Aira Force made itself heard before they set eyes on it. The waterfall’s roar reached a crescendo as they walked onto an old stone packhorse bridge spanning the top of the cascade. Luckily, neither of them suffered from vertigo. The spectacle of the water crashing into the chasm below was dizzying. A chattering Italian couple, kitted out for the Antarctic, squeezed past. Daniel caught the name Sir Eglamore. The woman was telling the story of the valiant knight’s beloved, whom he awoke from sleepwalking, only for her to plunge to her death in Aira Force. A legend Wordsworth turned into yet another poem.
‘It’s an unlucky place we’re going to,’ Louise said. ‘Two women murdered. Do you think Melody’s hunch is right, and the mad Mrs Hodgkinson was really innocent?’

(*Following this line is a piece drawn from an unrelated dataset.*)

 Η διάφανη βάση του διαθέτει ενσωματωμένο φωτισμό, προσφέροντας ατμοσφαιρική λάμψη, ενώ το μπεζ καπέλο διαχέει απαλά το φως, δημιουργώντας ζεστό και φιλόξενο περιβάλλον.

He watched the swirling patterns made by the foaming water. ‘With murder, like most things, the obvious explanation is usually right. On the face of it, there’s even less mystery about who killed Gertrude Smith than who battered Shenagh Moss to death. Letty Hodgkinson’s suicide looks like a confession of guilt, Craig Meek died before he could be questioned. But what if things aren’t what they seemed?’

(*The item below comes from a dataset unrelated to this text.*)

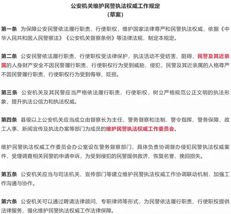 此次草案的(de)出台,將使維護民(mín)警執法權威“有(yǒu)規可循”,小警君通篇閱讀,發現了很多亮點:

‘So Melody’s succeeded in stirring your curiosity.’
Something in her tone made him look up. ‘What are you getting at?’
‘She told you her husband was unfaithful. Better watch out, in case she’s in the mood to pay him back.’

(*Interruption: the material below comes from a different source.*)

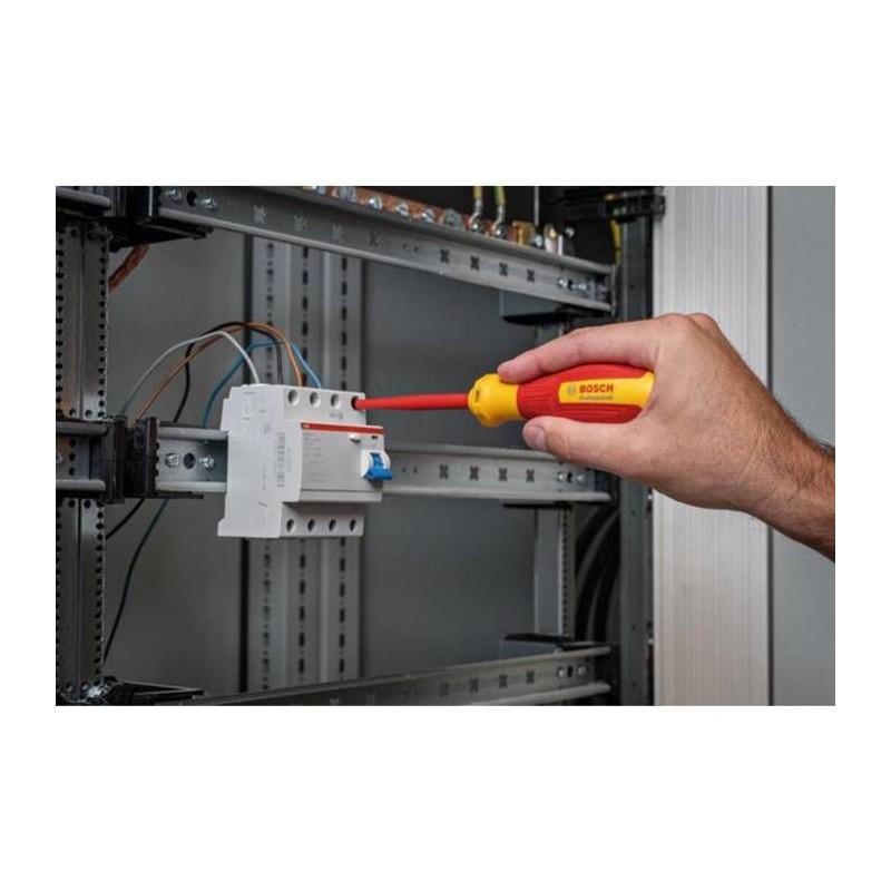 Le tournevis isolé VDE TX25x100 de Bosch Professional est conçu pour les professionnels. Il permet de travailler en toute sécurité avec des pieces sous tension, certifié jusqu'a 1000 V. Sa tige fine, son embout robuste et son manche ergonomique en TPE garantissent confort et précision. Idéal pour un usage intensif, il est antidérapant et facile a manipuler.

He shook his head. ‘Have you ever known me get involved with married women? She wasn’t chatting me up. What Melody fancies is the idea of collaborating on the Gertrude Smith story.’
‘Oh yeah?’
‘Yeah. She’s decided my name might help her sell a book. Probably it’s just a rich woman’s passing whim. But she has interested me in the Ravenbank murders. Both of them.’
‘Don’t let her use you.’
Closing his eyes, he listened to the deluge rage below, as he puzzled over the contrast between Melody’s conviction that Letty Hodgkinson was innocent, and her refusal to accept the same might be true of Craig Meek.
After lunch in a tea room overlooking the River Eamont at Pooley Bridge, they followed pony trekkers along the road that clung to the east bank of the lake, and past the small harbour at Howtown, before zigzagging up the hairpin bends of the Hause towards Martindale. Parking at St Peter’s Church, they climbed the gentle contours of Hallin Fell to the stone cairn at the summit. Mist clung to the distant fells, far below the steamer chugged away from Howtown pier, and an instructor in a wetsuit bellowed commands at a group of teenagers with dinghies.
As the sun dipped out of sight, Louise waved a hand, indicating a small, wooded promontory poking out into the lake to the south of the fell. The peninsula was shaped like a human skull, connected by a neck of land to the valley of Martindale. The trees formed a copper, brown, and green mosaic. Close to the water’s edge stood a large triple-gabled house. Even at this distance, Ravenbank Hall looked lonely and bleak. Somewhere in the grounds, Letty Hodgkinson, the supposed murderer of Gertrude Smith, was buried. From their vantage point, it was impossible to make out the design planned by Letty’s husband. The Hall was undeniably imposing, but its design was curiously irregular and idiosyncratic, so that it seemed slightly strange and out of kilter. Ravenbank’s other buildings were invisible, and so was the lane prowled by the Faceless Woman. A century after Hodgkinson had set out to master the landscape, Nature had reclaimed most of its own.